Book Energy Economics and Technology

Download or read book Energy Economics and Technology written by Phillip G. LeBel and published by Baltimore : Johns Hopkins University Press. This book was released on 1982 with total page 584 pages. Available in PDF, EPUB and Kindle. Book excerpt:

Book Three Essays in Energy Economics

Download or read book Three Essays in Energy Economics written by Jermaine A. Moulton and published by . This book was released on 2016 with total page 98 pages. Available in PDF, EPUB and Kindle.
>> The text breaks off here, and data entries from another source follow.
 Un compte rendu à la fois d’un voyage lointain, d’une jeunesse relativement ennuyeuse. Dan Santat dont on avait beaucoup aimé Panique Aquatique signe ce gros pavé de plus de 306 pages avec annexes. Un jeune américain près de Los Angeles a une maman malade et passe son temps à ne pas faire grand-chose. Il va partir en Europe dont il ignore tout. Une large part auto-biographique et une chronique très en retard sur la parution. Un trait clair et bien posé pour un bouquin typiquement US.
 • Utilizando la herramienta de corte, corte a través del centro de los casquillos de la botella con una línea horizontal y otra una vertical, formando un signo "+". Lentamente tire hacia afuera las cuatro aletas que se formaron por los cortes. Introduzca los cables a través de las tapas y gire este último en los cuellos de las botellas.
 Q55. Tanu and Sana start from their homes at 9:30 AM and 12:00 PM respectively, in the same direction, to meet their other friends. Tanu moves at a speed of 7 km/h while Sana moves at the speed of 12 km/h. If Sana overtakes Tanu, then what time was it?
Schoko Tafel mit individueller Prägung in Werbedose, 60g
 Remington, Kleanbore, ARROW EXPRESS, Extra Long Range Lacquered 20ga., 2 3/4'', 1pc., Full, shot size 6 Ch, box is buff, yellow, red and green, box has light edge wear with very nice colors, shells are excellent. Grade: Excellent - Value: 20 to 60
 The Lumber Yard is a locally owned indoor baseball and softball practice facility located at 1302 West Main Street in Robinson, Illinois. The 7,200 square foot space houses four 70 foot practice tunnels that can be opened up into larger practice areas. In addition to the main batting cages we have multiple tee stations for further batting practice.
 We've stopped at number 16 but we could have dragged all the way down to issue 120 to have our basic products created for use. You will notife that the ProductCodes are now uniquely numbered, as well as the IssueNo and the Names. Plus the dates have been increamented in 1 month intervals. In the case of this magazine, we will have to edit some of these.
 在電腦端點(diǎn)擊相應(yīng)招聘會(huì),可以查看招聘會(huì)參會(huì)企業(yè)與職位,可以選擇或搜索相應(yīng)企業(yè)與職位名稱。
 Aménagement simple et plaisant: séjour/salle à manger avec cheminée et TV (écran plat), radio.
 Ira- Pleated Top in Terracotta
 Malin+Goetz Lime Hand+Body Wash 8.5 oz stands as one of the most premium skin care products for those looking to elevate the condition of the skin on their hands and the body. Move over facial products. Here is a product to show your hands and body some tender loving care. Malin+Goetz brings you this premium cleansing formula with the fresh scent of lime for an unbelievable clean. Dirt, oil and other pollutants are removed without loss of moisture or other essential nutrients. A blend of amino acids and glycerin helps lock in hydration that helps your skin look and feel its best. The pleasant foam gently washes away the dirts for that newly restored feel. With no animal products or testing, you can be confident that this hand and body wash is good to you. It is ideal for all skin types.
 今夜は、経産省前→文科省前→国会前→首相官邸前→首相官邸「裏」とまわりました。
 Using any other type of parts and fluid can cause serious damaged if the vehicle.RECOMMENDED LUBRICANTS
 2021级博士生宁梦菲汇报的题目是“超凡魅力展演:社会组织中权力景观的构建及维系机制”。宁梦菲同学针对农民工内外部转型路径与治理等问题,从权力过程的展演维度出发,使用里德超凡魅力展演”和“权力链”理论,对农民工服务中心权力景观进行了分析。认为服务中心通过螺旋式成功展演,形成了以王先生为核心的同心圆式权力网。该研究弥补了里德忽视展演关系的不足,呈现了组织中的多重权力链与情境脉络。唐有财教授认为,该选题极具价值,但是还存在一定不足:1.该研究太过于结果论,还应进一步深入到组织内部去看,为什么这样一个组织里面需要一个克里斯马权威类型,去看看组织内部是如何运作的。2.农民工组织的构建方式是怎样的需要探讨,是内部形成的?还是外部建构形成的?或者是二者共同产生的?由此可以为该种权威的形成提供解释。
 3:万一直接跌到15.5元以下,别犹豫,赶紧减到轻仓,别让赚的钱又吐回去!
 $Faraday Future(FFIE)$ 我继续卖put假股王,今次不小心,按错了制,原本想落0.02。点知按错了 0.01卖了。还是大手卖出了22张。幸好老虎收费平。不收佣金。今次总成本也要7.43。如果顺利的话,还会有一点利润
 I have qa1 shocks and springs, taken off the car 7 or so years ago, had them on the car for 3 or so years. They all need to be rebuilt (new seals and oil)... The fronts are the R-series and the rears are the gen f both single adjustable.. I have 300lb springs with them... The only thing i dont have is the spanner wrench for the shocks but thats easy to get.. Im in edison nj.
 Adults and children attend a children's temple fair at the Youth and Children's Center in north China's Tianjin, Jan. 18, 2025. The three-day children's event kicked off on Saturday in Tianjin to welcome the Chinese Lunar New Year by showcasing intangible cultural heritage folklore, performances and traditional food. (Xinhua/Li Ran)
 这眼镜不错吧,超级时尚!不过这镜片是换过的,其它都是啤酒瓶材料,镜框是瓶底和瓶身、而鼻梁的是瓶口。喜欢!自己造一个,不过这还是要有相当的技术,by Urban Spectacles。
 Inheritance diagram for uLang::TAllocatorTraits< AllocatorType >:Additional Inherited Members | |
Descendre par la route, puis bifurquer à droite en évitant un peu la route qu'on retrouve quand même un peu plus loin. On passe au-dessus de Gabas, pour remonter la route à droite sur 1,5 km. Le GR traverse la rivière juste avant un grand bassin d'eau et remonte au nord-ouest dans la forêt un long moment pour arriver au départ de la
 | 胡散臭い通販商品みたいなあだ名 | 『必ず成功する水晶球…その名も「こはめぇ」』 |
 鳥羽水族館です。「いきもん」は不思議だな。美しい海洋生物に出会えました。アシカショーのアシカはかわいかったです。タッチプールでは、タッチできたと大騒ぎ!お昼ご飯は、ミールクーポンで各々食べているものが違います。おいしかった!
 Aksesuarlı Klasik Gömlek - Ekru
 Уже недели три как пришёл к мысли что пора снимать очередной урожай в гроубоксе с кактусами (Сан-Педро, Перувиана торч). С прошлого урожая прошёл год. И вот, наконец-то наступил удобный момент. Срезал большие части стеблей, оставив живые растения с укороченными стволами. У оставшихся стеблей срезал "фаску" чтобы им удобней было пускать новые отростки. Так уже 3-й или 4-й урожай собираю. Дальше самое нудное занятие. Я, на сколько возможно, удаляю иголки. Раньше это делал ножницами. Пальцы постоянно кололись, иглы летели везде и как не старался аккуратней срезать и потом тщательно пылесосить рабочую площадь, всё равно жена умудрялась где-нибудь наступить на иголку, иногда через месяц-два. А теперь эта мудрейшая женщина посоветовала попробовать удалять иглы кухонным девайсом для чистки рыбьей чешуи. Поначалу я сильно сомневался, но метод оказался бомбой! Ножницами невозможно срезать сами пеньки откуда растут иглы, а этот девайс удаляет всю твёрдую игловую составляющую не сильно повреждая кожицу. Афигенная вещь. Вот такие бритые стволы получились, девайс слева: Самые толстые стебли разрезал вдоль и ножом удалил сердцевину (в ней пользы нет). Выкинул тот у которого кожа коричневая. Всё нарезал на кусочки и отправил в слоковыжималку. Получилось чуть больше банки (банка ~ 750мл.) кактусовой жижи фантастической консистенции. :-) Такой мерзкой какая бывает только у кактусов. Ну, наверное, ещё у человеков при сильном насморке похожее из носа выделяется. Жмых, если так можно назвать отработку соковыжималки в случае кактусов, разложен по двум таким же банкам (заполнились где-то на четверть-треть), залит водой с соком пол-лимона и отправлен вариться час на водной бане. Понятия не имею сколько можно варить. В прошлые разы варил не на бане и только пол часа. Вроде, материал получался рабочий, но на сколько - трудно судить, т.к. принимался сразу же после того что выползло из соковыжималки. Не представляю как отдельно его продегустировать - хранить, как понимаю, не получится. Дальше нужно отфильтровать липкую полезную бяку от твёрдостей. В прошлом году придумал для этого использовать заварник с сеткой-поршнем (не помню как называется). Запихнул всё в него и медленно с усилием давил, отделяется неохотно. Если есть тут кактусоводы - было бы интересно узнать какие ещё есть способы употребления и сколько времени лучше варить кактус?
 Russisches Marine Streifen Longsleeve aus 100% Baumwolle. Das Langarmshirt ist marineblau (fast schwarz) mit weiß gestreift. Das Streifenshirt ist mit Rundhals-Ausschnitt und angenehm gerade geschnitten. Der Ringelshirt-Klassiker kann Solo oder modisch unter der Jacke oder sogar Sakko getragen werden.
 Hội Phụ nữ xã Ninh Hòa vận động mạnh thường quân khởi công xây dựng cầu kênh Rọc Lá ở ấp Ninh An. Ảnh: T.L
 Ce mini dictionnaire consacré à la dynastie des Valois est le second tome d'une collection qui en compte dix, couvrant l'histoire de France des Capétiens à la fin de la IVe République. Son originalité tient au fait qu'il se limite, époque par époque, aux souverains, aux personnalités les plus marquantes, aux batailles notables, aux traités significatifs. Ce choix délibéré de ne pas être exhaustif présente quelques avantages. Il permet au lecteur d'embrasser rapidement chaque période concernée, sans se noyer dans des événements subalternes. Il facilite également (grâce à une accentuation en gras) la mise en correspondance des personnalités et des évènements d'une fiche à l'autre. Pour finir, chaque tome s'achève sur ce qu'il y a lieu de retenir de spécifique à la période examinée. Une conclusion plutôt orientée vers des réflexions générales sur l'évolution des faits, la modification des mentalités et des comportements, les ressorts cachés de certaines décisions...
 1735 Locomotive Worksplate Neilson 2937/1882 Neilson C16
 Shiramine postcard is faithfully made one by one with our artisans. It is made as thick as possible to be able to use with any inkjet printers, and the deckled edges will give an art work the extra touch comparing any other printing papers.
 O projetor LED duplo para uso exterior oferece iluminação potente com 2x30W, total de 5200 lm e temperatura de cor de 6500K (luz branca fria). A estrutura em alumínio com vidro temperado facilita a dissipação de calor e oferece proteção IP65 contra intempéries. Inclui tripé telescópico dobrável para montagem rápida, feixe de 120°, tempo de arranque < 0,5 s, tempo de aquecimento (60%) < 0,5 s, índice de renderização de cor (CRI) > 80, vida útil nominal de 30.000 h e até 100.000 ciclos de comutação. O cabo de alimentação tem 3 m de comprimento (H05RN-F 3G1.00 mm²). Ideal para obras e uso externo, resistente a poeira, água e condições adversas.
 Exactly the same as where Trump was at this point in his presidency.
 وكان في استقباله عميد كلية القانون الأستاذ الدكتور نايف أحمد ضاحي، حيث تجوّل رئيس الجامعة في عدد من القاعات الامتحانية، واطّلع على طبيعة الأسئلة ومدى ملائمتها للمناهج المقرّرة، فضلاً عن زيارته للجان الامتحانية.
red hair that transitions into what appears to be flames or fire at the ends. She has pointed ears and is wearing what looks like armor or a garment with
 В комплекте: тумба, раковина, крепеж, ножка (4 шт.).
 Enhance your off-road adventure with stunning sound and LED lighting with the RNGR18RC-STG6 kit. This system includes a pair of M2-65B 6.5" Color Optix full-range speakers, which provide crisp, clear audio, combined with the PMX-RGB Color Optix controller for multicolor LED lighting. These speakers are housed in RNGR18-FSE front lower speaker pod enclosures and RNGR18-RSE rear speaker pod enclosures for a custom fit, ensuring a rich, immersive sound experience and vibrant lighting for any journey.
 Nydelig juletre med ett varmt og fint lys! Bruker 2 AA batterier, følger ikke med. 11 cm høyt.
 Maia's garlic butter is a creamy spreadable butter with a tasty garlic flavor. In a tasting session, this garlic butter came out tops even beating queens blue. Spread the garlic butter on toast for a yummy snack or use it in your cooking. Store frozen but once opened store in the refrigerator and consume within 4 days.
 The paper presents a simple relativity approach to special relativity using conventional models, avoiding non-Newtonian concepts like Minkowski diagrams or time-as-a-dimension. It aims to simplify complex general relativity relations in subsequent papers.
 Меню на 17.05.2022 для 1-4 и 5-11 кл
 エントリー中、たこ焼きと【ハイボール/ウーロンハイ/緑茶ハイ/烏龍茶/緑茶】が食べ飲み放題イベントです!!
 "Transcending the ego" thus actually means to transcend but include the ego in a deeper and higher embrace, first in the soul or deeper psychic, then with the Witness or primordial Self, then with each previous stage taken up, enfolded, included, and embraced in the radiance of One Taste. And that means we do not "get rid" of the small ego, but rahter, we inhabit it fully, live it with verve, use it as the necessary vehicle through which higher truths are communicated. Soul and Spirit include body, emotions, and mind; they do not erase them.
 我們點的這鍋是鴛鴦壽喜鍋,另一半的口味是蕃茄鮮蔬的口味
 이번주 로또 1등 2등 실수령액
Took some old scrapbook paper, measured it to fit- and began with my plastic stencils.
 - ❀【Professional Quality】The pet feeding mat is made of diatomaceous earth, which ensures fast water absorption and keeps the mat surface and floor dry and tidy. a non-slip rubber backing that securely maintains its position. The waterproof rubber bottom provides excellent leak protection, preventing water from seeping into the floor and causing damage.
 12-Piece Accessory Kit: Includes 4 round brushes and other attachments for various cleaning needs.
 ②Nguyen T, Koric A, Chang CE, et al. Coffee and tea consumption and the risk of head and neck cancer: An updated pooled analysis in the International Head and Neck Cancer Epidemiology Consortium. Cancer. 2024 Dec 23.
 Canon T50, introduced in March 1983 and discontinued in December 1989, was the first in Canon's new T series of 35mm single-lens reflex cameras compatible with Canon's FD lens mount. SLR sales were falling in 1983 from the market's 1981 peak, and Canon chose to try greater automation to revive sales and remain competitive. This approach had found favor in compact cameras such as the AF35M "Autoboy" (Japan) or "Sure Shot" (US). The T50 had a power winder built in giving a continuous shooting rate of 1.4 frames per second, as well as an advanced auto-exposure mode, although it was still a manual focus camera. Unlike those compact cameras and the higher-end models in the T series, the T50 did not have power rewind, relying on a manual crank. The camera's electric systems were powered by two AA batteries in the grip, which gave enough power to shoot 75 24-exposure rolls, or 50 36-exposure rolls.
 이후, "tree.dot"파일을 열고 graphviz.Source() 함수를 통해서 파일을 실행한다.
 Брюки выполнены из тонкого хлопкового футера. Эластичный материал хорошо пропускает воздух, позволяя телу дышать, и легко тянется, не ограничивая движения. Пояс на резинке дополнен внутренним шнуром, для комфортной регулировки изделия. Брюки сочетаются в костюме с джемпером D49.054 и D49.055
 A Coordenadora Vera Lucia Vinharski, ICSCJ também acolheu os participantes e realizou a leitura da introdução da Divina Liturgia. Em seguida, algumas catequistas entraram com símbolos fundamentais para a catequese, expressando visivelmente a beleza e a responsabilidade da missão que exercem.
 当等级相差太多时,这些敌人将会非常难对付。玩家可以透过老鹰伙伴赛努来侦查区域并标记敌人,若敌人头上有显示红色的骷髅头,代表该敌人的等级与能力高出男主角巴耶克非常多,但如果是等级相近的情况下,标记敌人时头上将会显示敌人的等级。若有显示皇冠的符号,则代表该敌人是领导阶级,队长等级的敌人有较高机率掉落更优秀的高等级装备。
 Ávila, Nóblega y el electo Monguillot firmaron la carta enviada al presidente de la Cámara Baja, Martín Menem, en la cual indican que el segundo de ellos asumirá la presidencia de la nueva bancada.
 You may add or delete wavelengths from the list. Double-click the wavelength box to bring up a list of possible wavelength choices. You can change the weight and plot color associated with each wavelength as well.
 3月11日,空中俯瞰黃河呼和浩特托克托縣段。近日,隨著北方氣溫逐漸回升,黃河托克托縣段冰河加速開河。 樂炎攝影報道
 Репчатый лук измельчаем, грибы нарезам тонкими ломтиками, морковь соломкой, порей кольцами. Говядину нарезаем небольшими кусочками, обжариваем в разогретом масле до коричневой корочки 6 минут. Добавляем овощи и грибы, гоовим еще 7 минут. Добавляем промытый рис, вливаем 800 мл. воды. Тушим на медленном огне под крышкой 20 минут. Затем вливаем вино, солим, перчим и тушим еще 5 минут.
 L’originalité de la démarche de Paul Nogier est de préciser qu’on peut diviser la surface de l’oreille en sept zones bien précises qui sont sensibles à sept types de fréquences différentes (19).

Book excerpt:

Book Three Essays on Energy Economics

Download or read book Three Essays on Energy Economics written by Seth Wiggins and published by . This book was released on 2016 with total page 86 pages. Available in PDF, EPUB and Kindle. Book excerpt:

Book Essays in the Economics of Electricity Consumption

Download or read book Essays in the Economics of Electricity Consumption written by Becka Brolinson and published by . This book was released on 2021 with total page 504 pages. Available in PDF, EPUB and Kindle. Book excerpt: This dissertation explores the economics of electricity consumption in three essays.